» **What to produce**
For this exercise, retype the lines from the one that holds "Lancaster Sun Beauty" through the one that holds "Na próxima terça-feira" in the records below, both included, exactly and without pictures.

» **Available data**
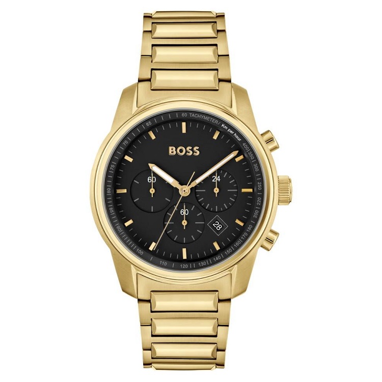 Vi præsenterer BOSS Trace 1514006, et fantastisk ur, der helt sikkert vil imponere dig. Dette ur har en 44 mm urkasse af rustfrit stål med en guldfinish, der giver det et elegant look. Den sorte urskive er præget af en tachymeter, kronograf og datofunktion, mens stållænken fuldender det stilfulde design. BOSS Trace 1514006 er også vandbeskyttet til 5 ATM, hvilket gør det perfekt til enhver aktivitet. Med sin sofistikerede stil og funktionalitet er BOSS Trace 1514006 et must-have for enhver mand, der ønsker at gøre et statement.
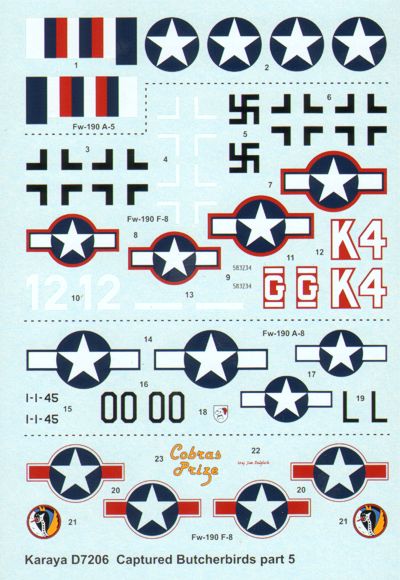 Karaya - 1/48 Scale Colourful Captured Butcherbirds Part 5 (4) Focke-Wulf Fw 190A-5 captured by 325th Gf and painted blue fuselage and top of wing, grey underwing with red nose and yellow fuselage band; Focke-Wulf Fw 190F-8 K4-G captured by 511th FS/404th Fg not overpainted; Focke-Wulf Fw 190A-8 Captured at St.TRond Ab Belgium 1/1/45 by 404th Fg flown by Col.Leo Moon, overall bright red with code OO-L; Focke-Wulf Fw 190F-8 captured by 354th Fg Jan 45 flown by Maj Jim Dalglish. Overall yellow with red nose and trim.
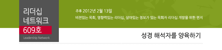 교회의 리더이며 또한 목회자라면 스승의 마음이 아니라 아버지의 마음으로 성도들을 양육하겠노라고 결단하는 것이 마땅합니다(고전 4:15). 그리고 아버지라면 아이에게 생선을 주기보다 고기 잡는 법을 가르쳐야 한다는 데에 이의를 제기할 수 없을 것입니다. 그러나 정작 자기가 섬기는 성도들에게 성경의 말씀을 일일이 해석하고 가르치기는 하여도 그들로 하여금 직접 말씀을 해석할 수 있는 능력을 갖도록 훈련하지는 않는 목회자가 많습니다. 그러다보니 교인들은 같은 본문을 가지고 다른 설교자가 다른 관점으로 설교하는 것을 들으면 그것을 통해 본문이 가진 풍부한 영적 양식을 깨닫기보다는 혼란을 느끼고, 목회자가 미리 일일이 가르쳐주지 않으면 주일학교 공과를 미리 준비하는 것마저도 힘들어합니다.
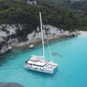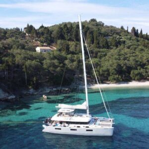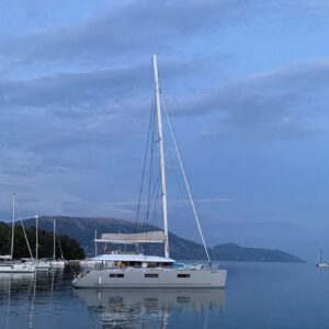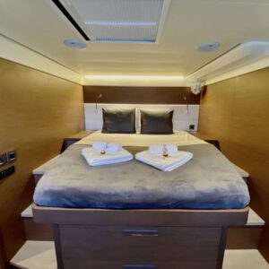 S/Y Grace is a Lagoon 620 Essence and she is based in Preveza Marina, right in the heart of the Ionian Sea. She accommodates 8 guests in 4 large en-suite cabins. One master cabin with direct access to aft deck, one VIP cabin with direct access to aft deck and two queen bed quest cabins all with private bathrooms. She has a spacious cockpit for dining al-fresco and fly bridge for 360 degree views and perfect area for cocktail hour. She is equipped with a hydraulic platform – ideal for direct access to the sea.
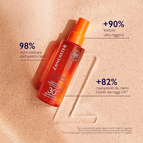Lancaster Sun Beauty Fast Tan Optimizer Satin Dry Oil - Olio Solare Secco e Satinato SPF50, No Effetto Untuoso, Finish Luminoso e Asciutto, 150 ml
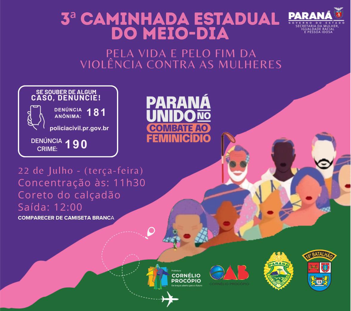 Na próxima terça-feira (22/7), a Prefeitura de Cornélio Procópio, por meio da Secretaria da Mulher, promove a 3ª Caminhada do Meio-Dia, um ato contra o feminicídio e pelo fim da violência contra a mulher. A concentração será no Coreto do Calçadão, às 11h30, com saída prevista para as 12h.
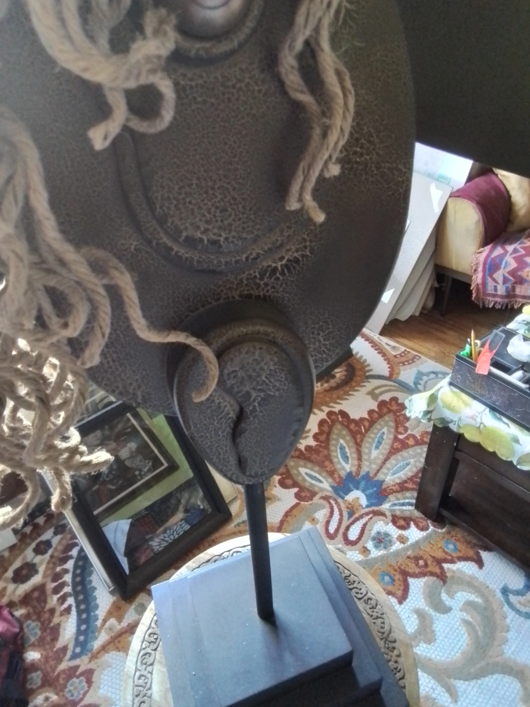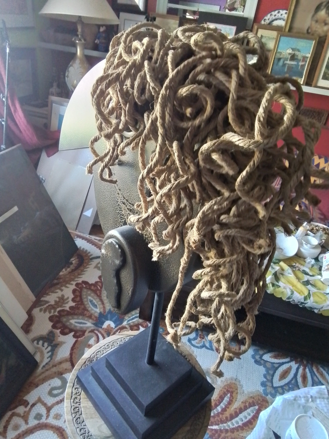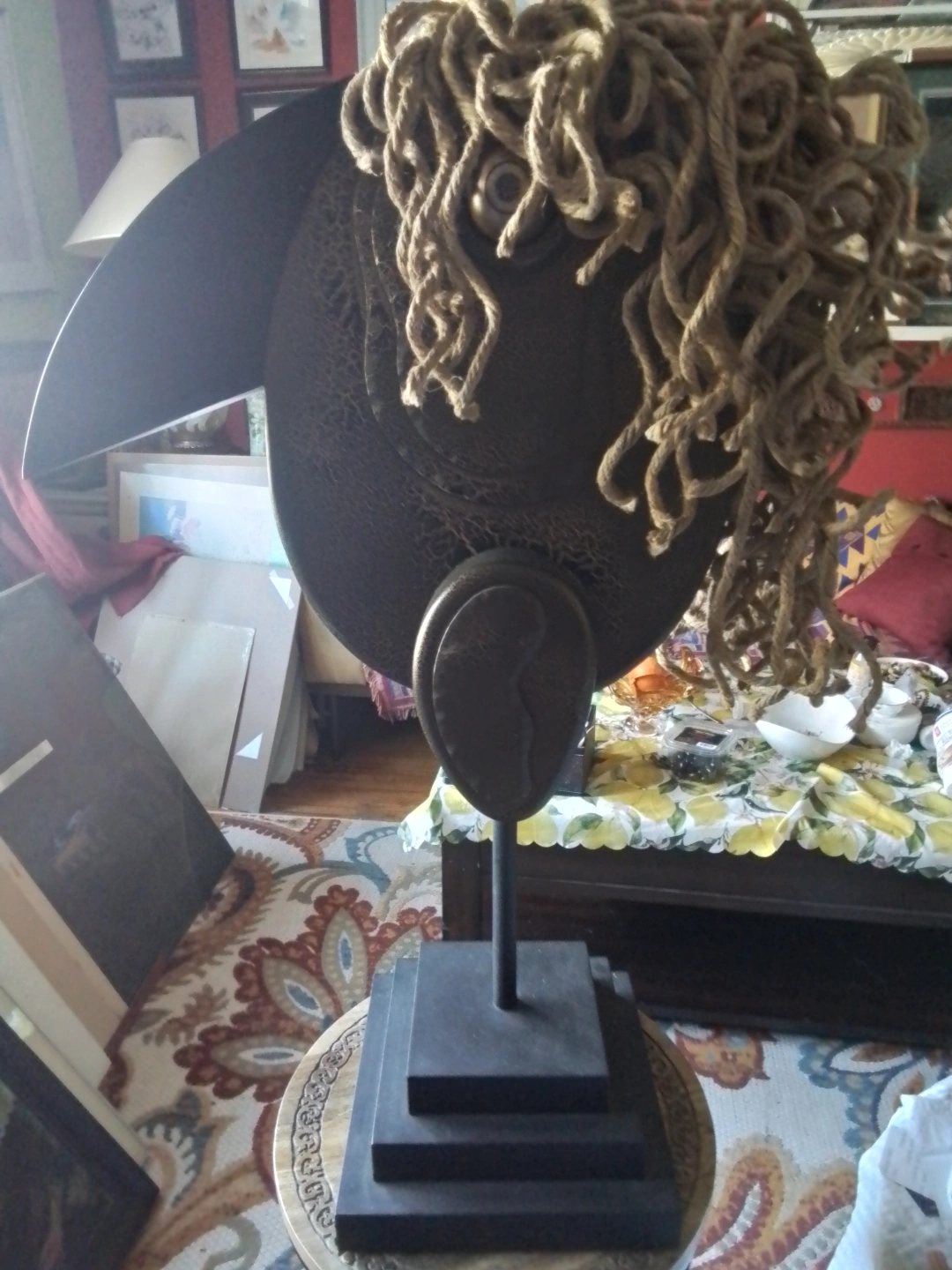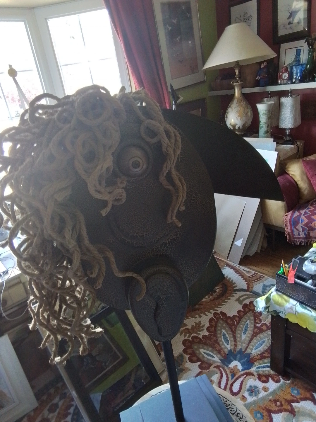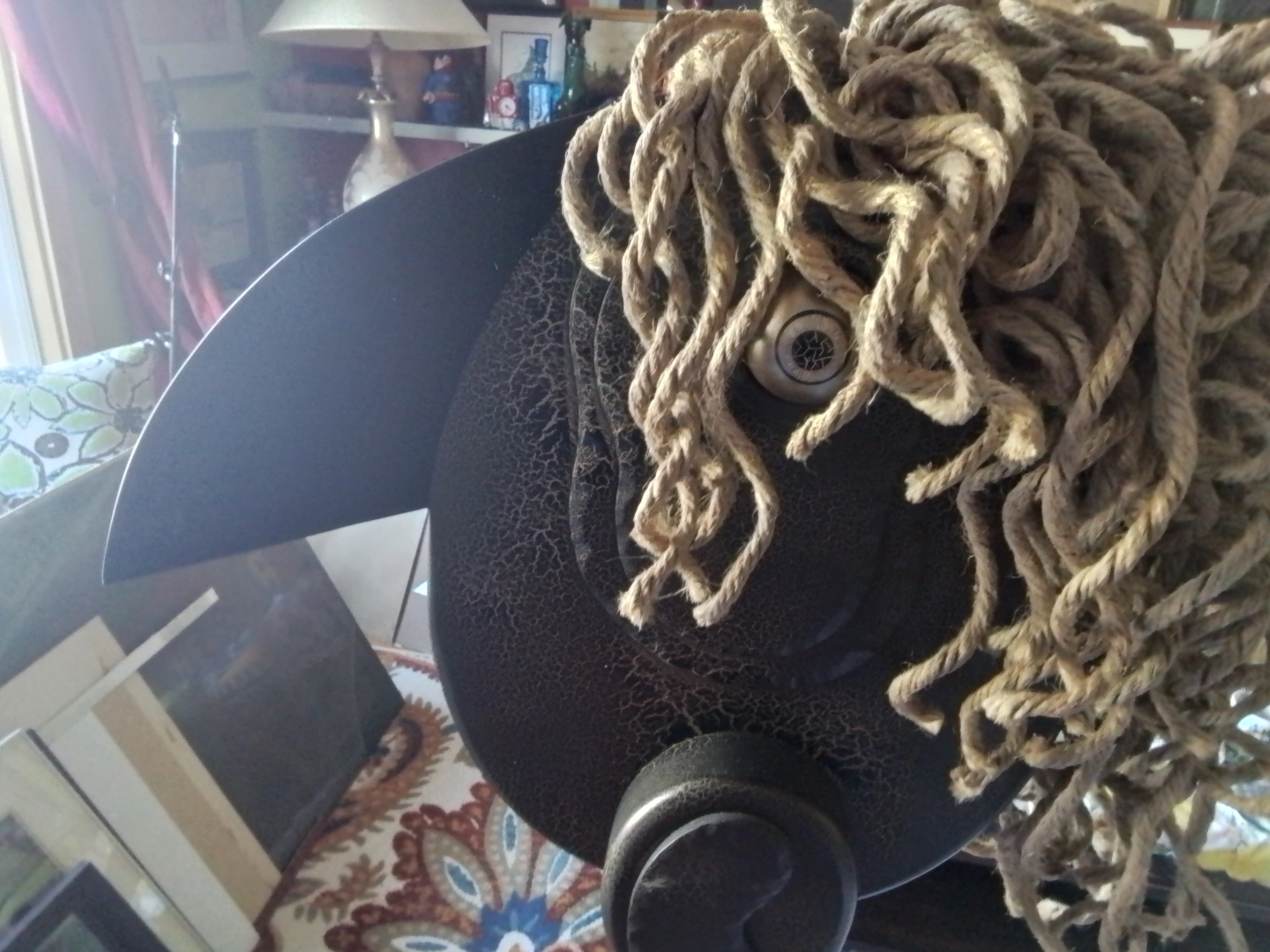 114Grotesque Goony Bird Stephen Winer Studio Wood Rope Large Sculpture 33" Tall Check out this unique piece of art! This is a grotesque "Goony Bird" sculpture by Stephen Winer Studio, 2010. The sculpture is made of wood and rope and stands approximately 33" tall. This item is in used condition as shown in the pictures, adding to its character and charm. Sound clean intact Measurements: 33" x 18" Unique dark-coloured metal sculpture. Features rope-like hair and stands on a black base. Signed and dated 2010. Pickup at Young Street and Steels Ave
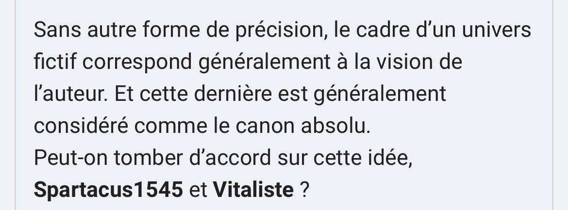 Sans autre forme de précision, le cadre d’un univers fictif correspond généralement à la vision de l’auteur. Et cette dernière est généralement considéré comme le canon absolu.
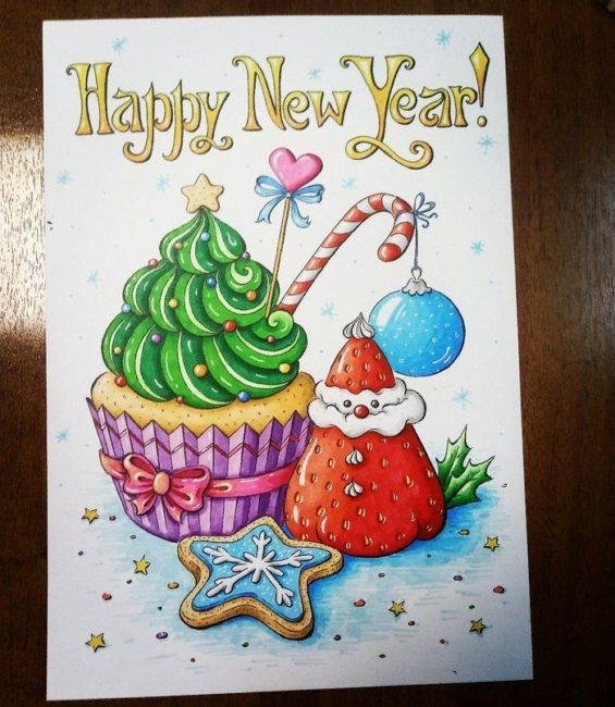 Новогодние открытки маркерами

» **Solution**
Lancaster Sun Beauty Fast Tan Optimizer Satin Dry Oil - Olio Solare Secco e Satinato SPF50, No Effetto Untuoso, Finish Luminoso e Asciutto, 150 ml
 Na próxima terça-feira (22/7), a Prefeitura de Cornélio Procópio, por meio da Secretaria da Mulher, promove a 3ª Caminhada do Meio-Dia, um ato contra o feminicídio e pelo fim da violência contra a mulher. A concentração será no Coreto do Calçadão, às 11h30, com saída prevista para as 12h.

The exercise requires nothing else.